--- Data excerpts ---
********************
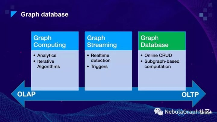 对于图计算或者图数据库本身我们是这么理解的,它跟传统数据库很类似,也分为 OLAP 和 OLTP 两个方向。
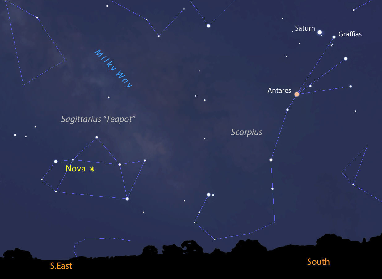 A 5th magnitude nova's not too difficult to spot with the naked eye from a dark sky, and binoculars will show it with ease. Make a morning of it by setting up your telescope for a look at Saturn and the nearby double star Graffias (Beta Scorpii), one of the prettiest, low-power doubles in the summer sky.
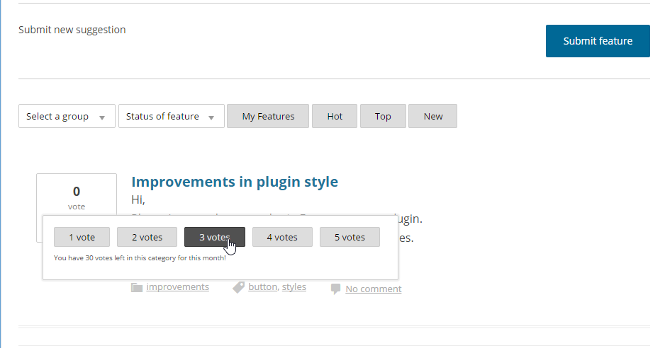 [feature_request_user_votes hide_total=”off” hide_remaining=”off” groups=”2,5,12″]
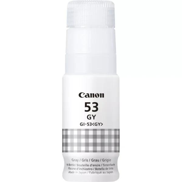 Frasco de tinta Canon GI53 (GI53GY/4708C001) original de alta qualidade. Adequado para uso nas seguintes impressoras: Canon Pixma G 550 Canon Pixma G 650 Rendimento: 3.800 páginas
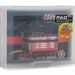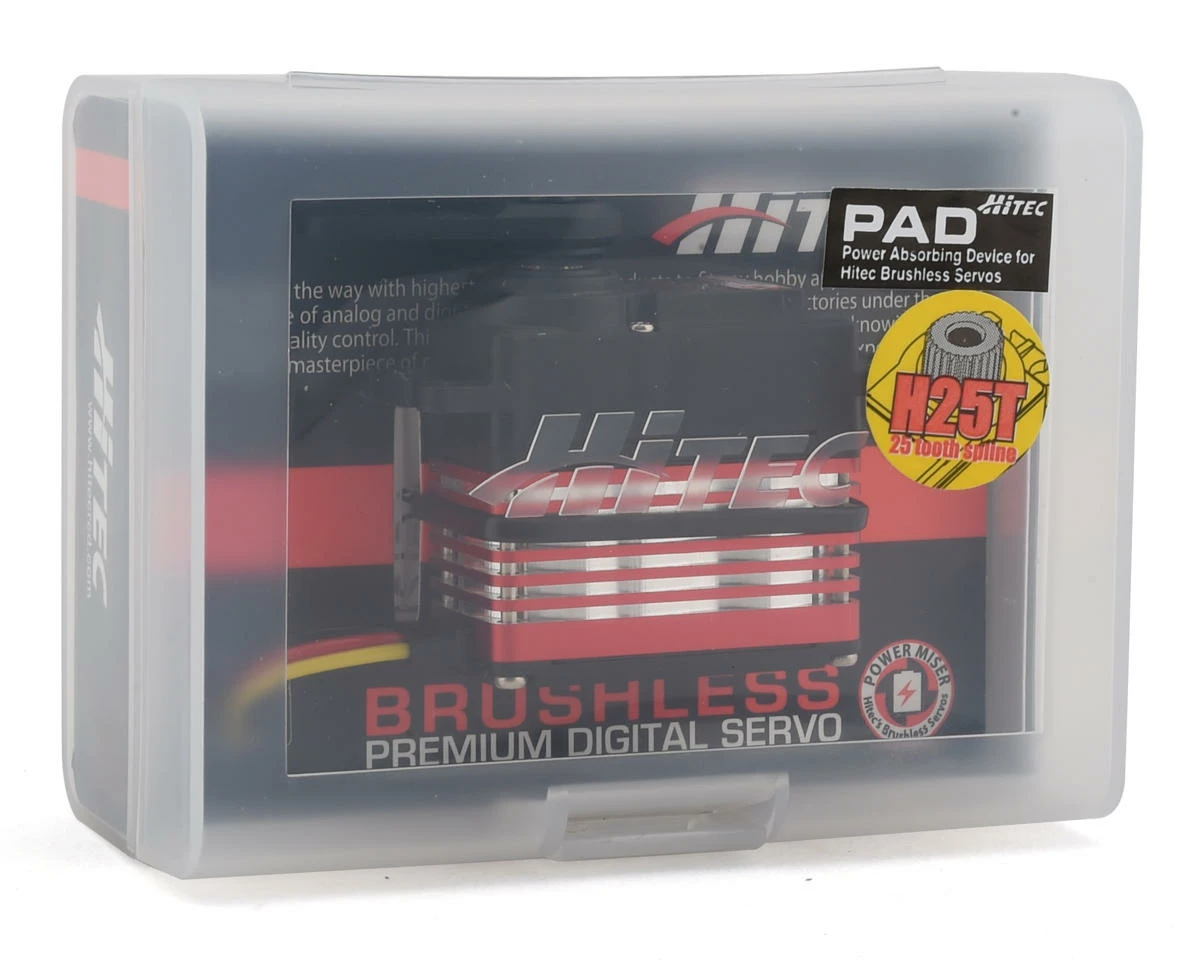 NOTE: While compatible with most radio control devices, the regenerative braking feature of the HSB-9XXX series servos may cause a problem if the device cannot accept a backflow of current. The types of devices that cannot accept this backflow are: Voltage Regulators, Power Safe Receivers and certain BEC circuits whether stand alone or integrated within an Electronic Speed Control. Check with the manufacturer or the Hitec website for a list of compatible models. If your device cannot accept a current backflow, then you must install a PAD (Power Absorbing Device – HRC55756) as described in the manual. A PAD is included with every Hitec brushless servo.
********************
--- Task goal ---
Images stay out, but the rest of the records must be retyped exactly.

--- Response to the exercise ---
 对于图计算或者图数据库本身我们是这么理解的,它跟传统数据库很类似,也分为 OLAP 和 OLTP 两个方向。
 A 5th magnitude nova's not too difficult to spot with the naked eye from a dark sky, and binoculars will show it with ease. Make a morning of it by setting up your telescope for a look at Saturn and the nearby double star Graffias (Beta Scorpii), one of the prettiest, low-power doubles in the summer sky.
 [feature_request_user_votes hide_total=”off” hide_remaining=”off” groups=”2,5,12″]
 Frasco de tinta Canon GI53 (GI53GY/4708C001) original de alta qualidade. Adequado para uso nas seguintes impressoras: Canon Pixma G 550 Canon Pixma G 650 Rendimento: 3.800 páginas
 NOTE: While compatible with most radio control devices, the regenerative braking feature of the HSB-9XXX series servos may cause a problem if the device cannot accept a backflow of current. The types of devices that cannot accept this backflow are: Voltage Regulators, Power Safe Receivers and certain BEC circuits whether stand alone or integrated within an Electronic Speed Control. Check with the manufacturer or the Hitec website for a list of compatible models. If your device cannot accept a current backflow, then you must install a PAD (Power Absorbing Device – HRC55756) as described in the manual. A PAD is included with every Hitec brushless servo.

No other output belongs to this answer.